DESCRIPTION OF THE TASK - A faithful, complete copy of the entries below is required, with images removed.

***** STUDY MATERIAL

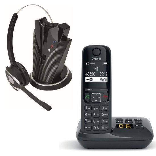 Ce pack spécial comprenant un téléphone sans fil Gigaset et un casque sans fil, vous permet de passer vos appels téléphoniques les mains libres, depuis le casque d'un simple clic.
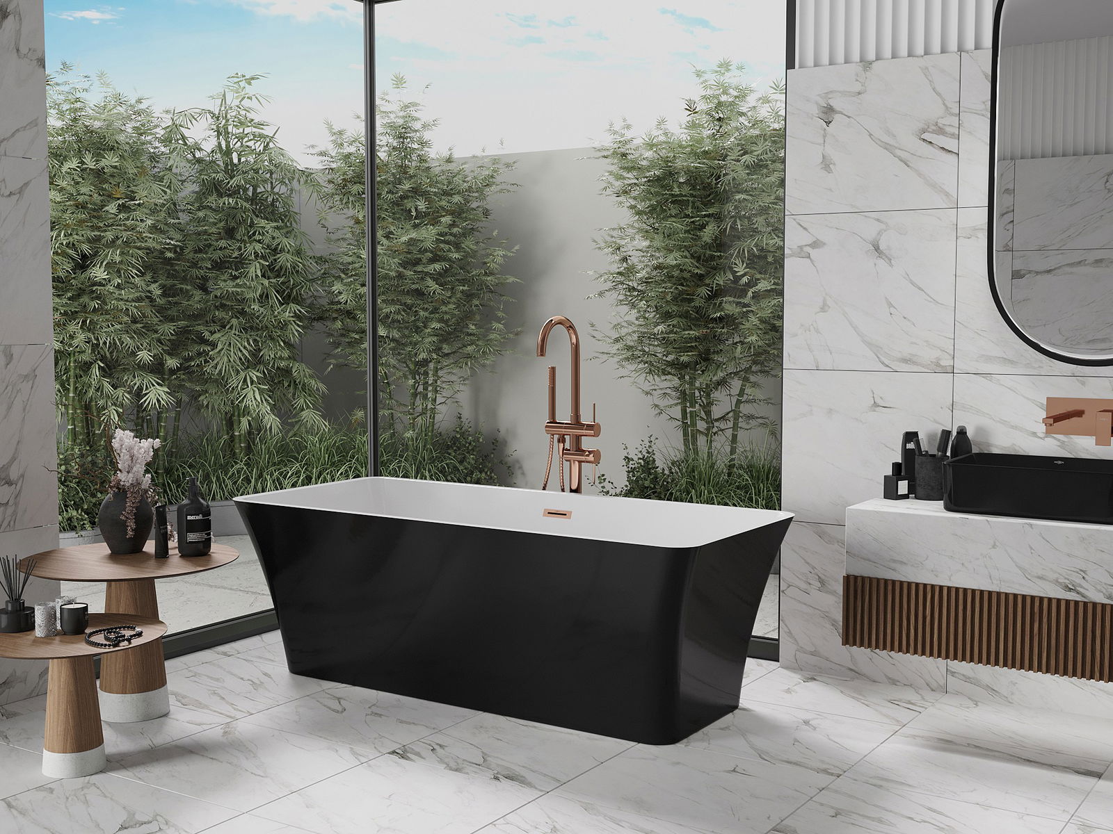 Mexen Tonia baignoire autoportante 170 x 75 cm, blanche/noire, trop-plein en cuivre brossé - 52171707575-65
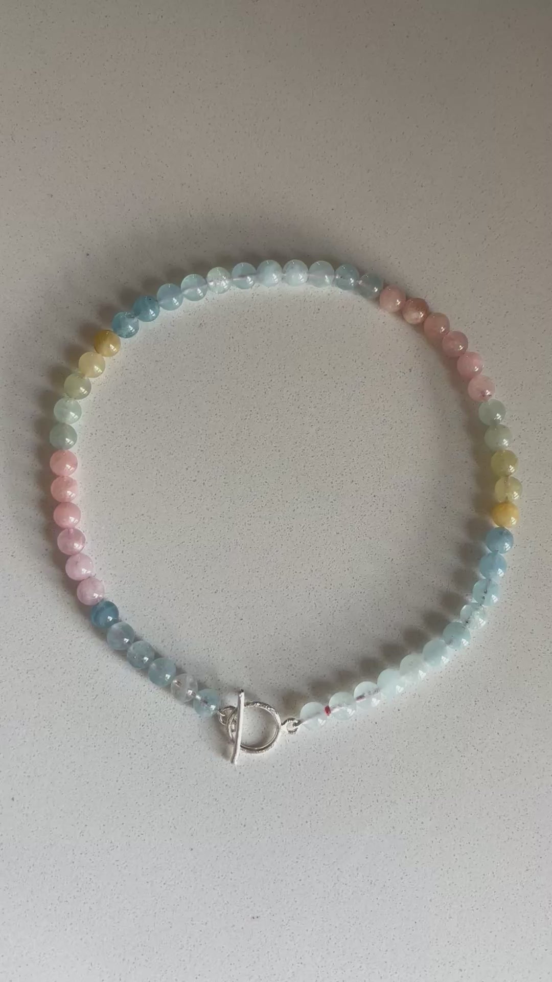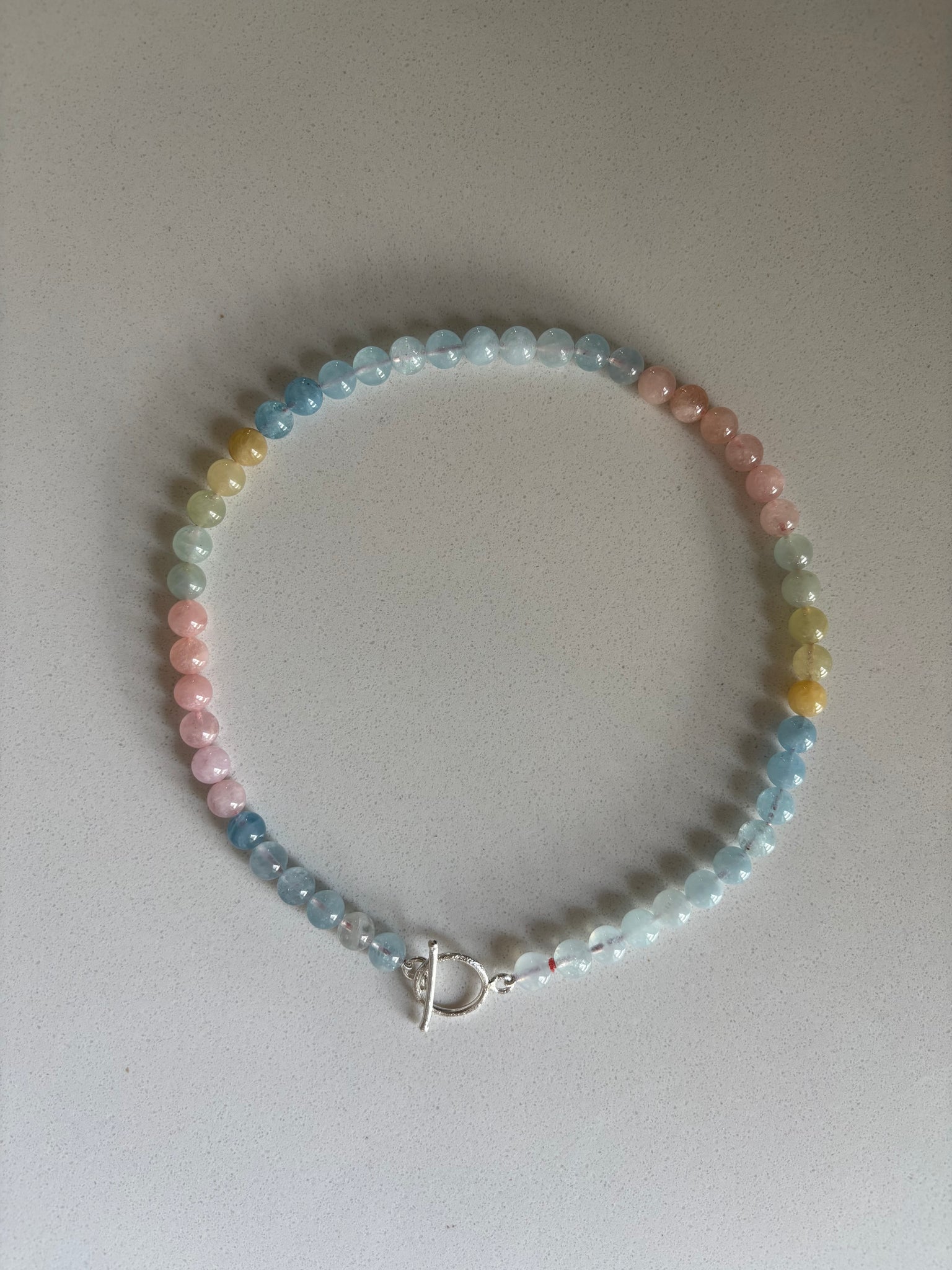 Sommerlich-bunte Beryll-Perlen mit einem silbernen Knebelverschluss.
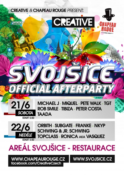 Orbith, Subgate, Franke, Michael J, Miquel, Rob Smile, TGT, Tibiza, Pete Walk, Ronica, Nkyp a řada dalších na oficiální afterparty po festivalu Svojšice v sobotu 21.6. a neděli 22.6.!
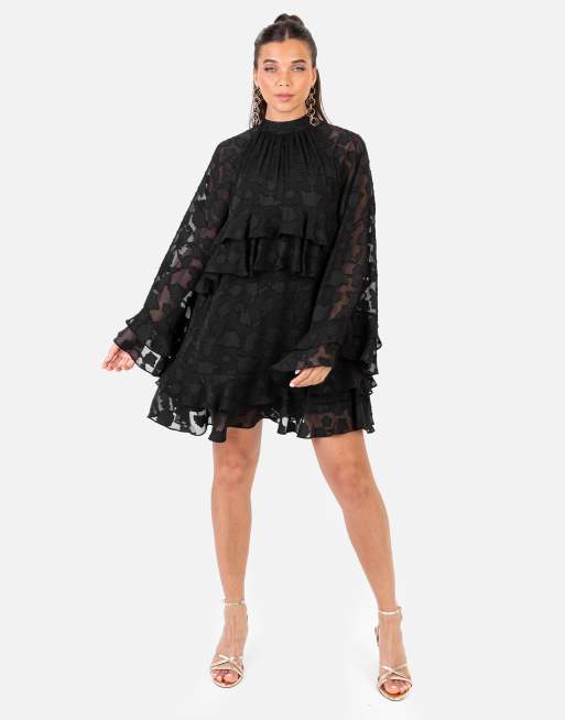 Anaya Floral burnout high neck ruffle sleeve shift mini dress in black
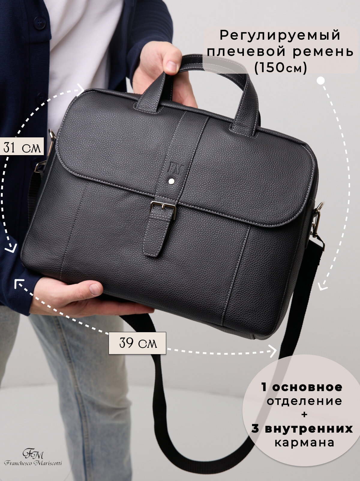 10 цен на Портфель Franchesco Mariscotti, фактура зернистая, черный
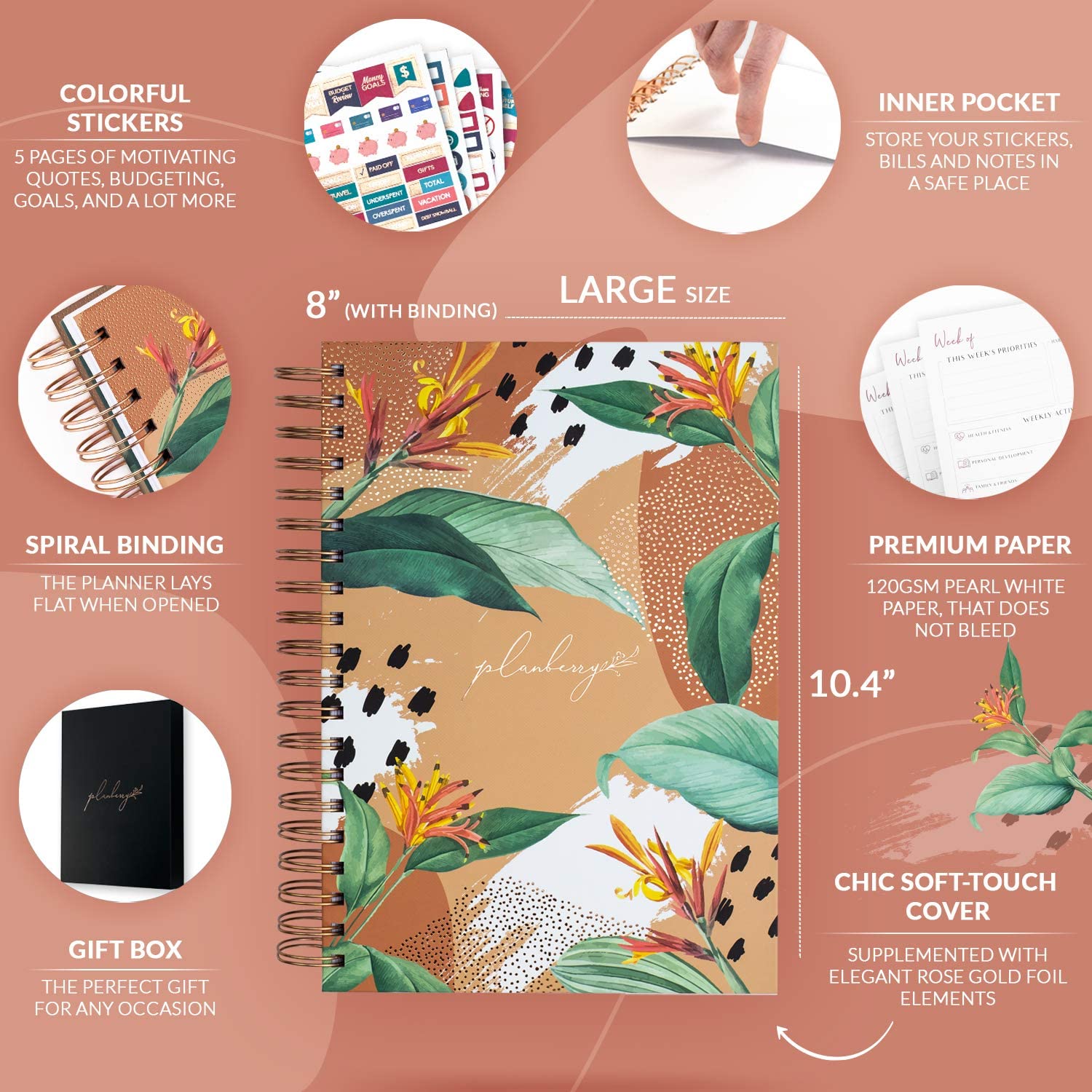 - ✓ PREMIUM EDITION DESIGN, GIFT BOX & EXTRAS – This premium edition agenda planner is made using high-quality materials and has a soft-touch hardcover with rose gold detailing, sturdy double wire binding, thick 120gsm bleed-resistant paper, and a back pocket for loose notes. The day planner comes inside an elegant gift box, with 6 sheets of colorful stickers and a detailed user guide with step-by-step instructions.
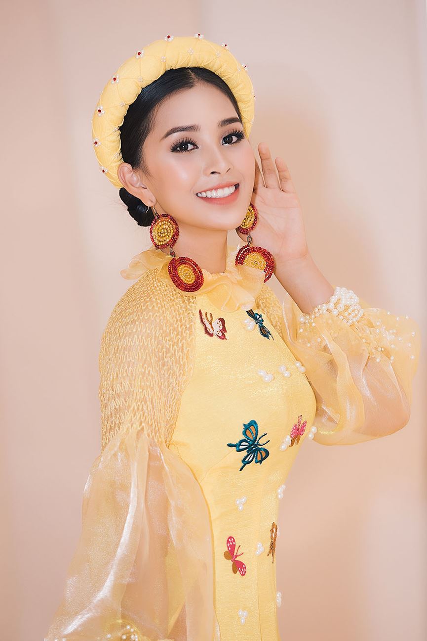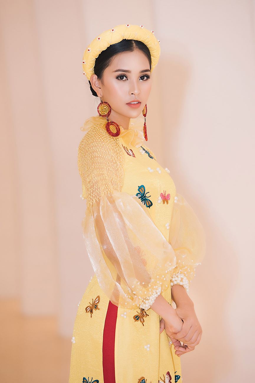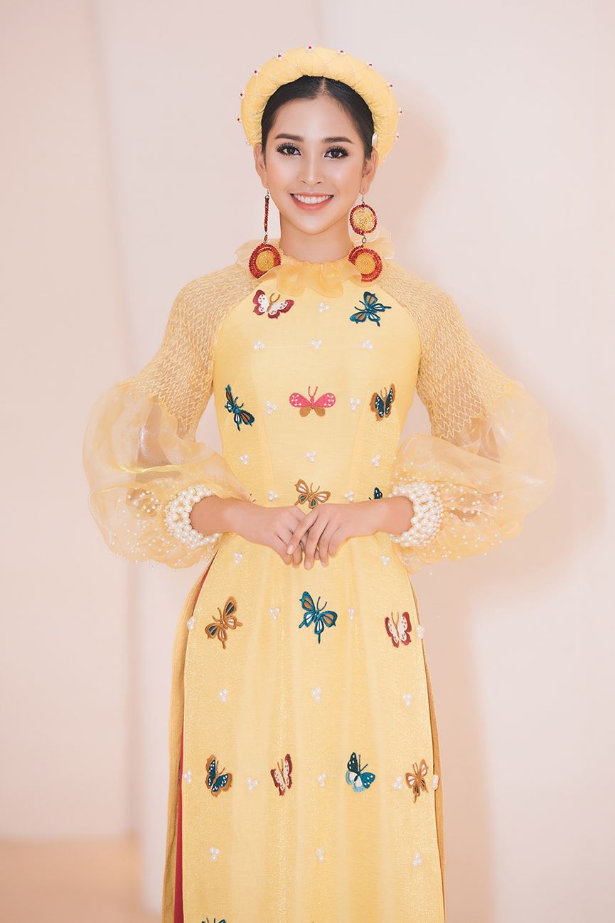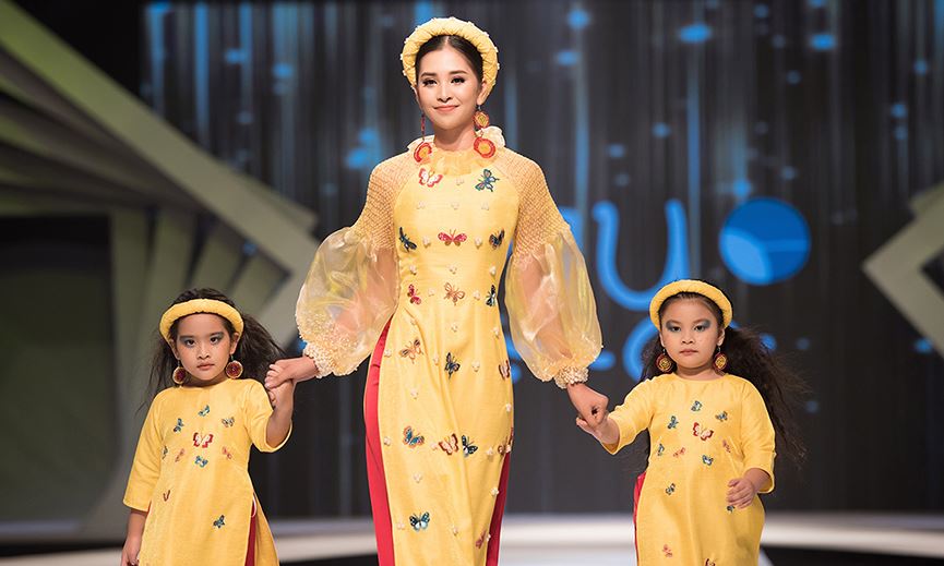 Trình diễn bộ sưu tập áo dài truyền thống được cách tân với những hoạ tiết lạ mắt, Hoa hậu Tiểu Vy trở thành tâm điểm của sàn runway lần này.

**********

OUTPUT OF THE EXERCISE -
 Ce pack spécial comprenant un téléphone sans fil Gigaset et un casque sans fil, vous permet de passer vos appels téléphoniques les mains libres, depuis le casque d'un simple clic.
 Mexen Tonia baignoire autoportante 170 x 75 cm, blanche/noire, trop-plein en cuivre brossé - 52171707575-65
 Sommerlich-bunte Beryll-Perlen mit einem silbernen Knebelverschluss.
 Orbith, Subgate, Franke, Michael J, Miquel, Rob Smile, TGT, Tibiza, Pete Walk, Ronica, Nkyp a řada dalších na oficiální afterparty po festivalu Svojšice v sobotu 21.6. a neděli 22.6.!
 Anaya Floral burnout high neck ruffle sleeve shift mini dress in black
 10 цен на Портфель Franchesco Mariscotti, фактура зернистая, черный
 - ✓ PREMIUM EDITION DESIGN, GIFT BOX & EXTRAS – This premium edition agenda planner is made using high-quality materials and has a soft-touch hardcover with rose gold detailing, sturdy double wire binding, thick 120gsm bleed-resistant paper, and a back pocket for loose notes. The day planner comes inside an elegant gift box, with 6 sheets of colorful stickers and a detailed user guide with step-by-step instructions.
 Trình diễn bộ sưu tập áo dài truyền thống được cách tân với những hoạ tiết lạ mắt, Hoa hậu Tiểu Vy trở thành tâm điểm của sàn runway lần này.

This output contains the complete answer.